In 2019, Facebook banned The Epoch Times from advertising after the outlet broke the platform's political transparency rules by publishing pro-Trump subscription ads through so-called "sock puppet" pages used to hide who controls them. A 2019 NBC News investigation found the outlet spent more than $1.5 million on some 11,000 pro-Trump Facebook ads over six months — more than any organization besides the Trump campaign. That same year, the fact-checking website Snopes.com reported close ties between The The Epoch Times and a network of Facebook pages and groups that shared pro-Trump views and conspiracy theories including QAnon, a far-right cult-like movement that promotes Trump as a political savior come to rescue the U.S. from a cabal of cannibalistic child sex traffickers.
In addition, The Epoch Times and its New Tang Dynasty Television affiliate used a network of associated YouTube channels to promote "Stop the Steal" events and election misinformation prior to the Jan. 6 insurrection at the U.S. Capitol, and they have since downplayed the riots, as Media Matters reported. The Epoch Times remains a presence on those social media platforms today, but it has shifted most of its advertising spending to YouTube, according to a Media Matters analysis reported by The Guardian.
The Epoch Times was founded in 2000 by John Tang, then a graduate student in theoretical physics at Georgia Tech, and other Chinese Americans affiliated with Falun Gong, a new religious movement that Li Hongzhi founded in China in the early 1990s. Combining elements of Buddhism and Taoism, Falun Gong mixes meditation and exercise with a moral philosophy that emphasizes cultivating "virtue." It has a socially conservative bent: Li has spoken against modern medical treatments, race mixing, and homosexuality.

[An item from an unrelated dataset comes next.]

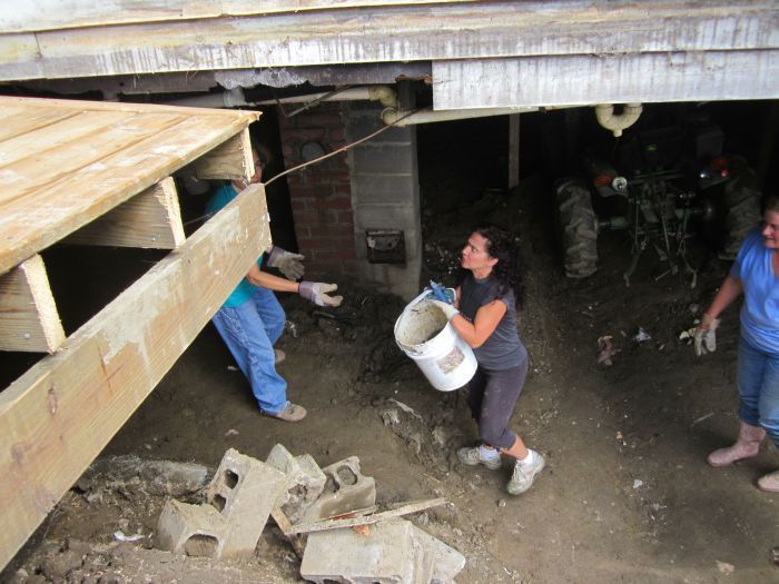 diane and I helped remove the back porch so that the excavator could get under the house.. to get the mud folks hadn’t already gotten out with buckets

China's leaders initially tolerated the movement. But after it gained tens of millions of followers, the government classified it as an "illegal organization" and sent followers to prison.
A grisly end
The Epoch Times was founded in direct response to the Chinese government's actions against Falun Gong. The publication is now organized into several regional tax-free nonprofits that fall under the umbrella of Epoch Media Group, which is headquartered in New York City. Here's how The Epoch Times itself describes its beginnings:
With the growing awareness that no one was telling the true stories about what was happening in China, John Tang and other Chinese-Americans founded Epoch Times in 2000. The story of Epoch Times is the story of those who wanted to meld their concern for their homeland with the freedoms afforded by America, such as freedom of the press and freedom of belief.

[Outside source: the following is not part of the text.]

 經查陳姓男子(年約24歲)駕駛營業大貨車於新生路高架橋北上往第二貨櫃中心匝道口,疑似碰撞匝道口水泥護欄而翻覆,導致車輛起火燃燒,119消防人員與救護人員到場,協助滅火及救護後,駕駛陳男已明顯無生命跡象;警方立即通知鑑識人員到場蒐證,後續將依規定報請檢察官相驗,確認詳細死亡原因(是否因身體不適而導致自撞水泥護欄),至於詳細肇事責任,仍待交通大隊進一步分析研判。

The first edition was in Chinese, with English language editions hitting the streets starting in 2004. As the current president of Epoch Times, John Tang now works to have editions published in 21 languages and in 35 countries. Wherever they are, Epoch Times editions tell the stories about China that other media cannot, or will not.
An early employee of The Epoch Times told The New York Times for its 2021 investigation that the publication initially resembled "a cross between a scrappy media start-up and a zealous church bulletin, with a staff composed mostly of unpaid volunteers drawn from the local Falun Gong chapters." But as the London-based independent media platform openDemocracy has observed, The Epoch Times rose to prominence across the West through its enthusiastic backing of Trump and embrace of conspiracy theories, and now serves as a key source of vaccine and other disinformation.

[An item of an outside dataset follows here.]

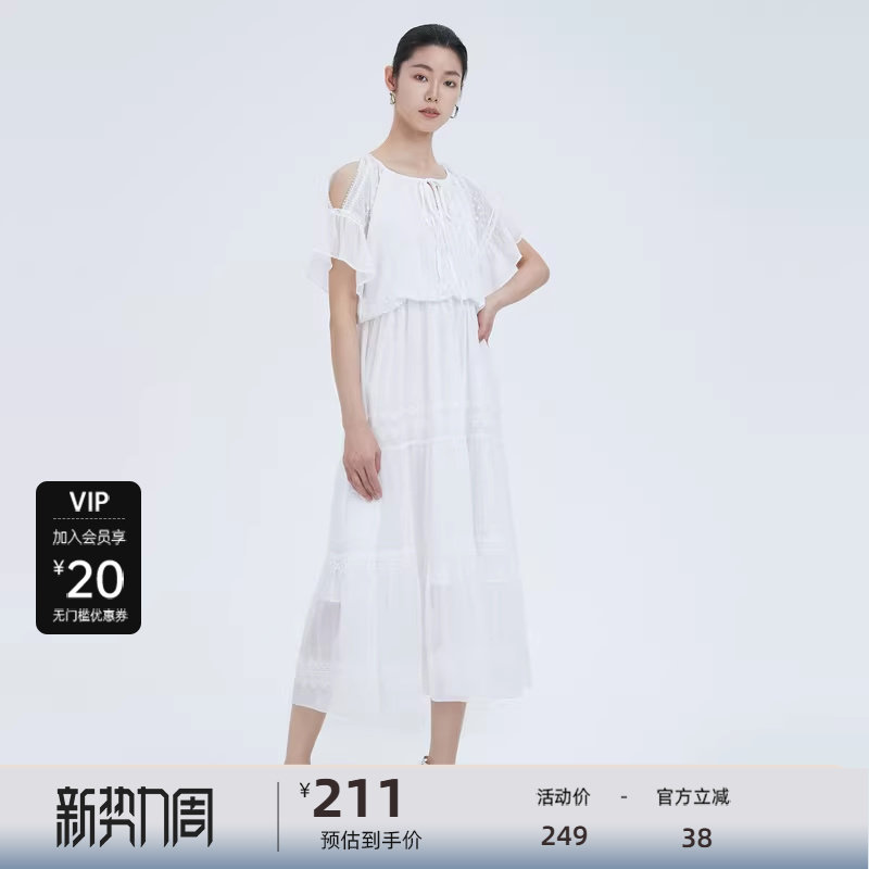 圆领连衣裙 露肩设计 泡泡袖

Where The Epoch Times gets its money is not entirely clear. It sells low-cost subscriptions; the offers in its mailed sample newspaper ranged from $1 for two months of digital-only to a year of a weekly print plus digital for $139. It also takes contributions, though as a nonprofit it's not required to disclose donors and does not do so. In its 2019 report on The Epoch Times, the investigative news outlet Popular Information concluded that none of the publication's activities represented a clear violation of campaign finance law, which offer a broad exemption for media. Nor do its activities represent a clear violation of laws governing nonprofits, according to North Carolina campaign finance law expert Bob Hall.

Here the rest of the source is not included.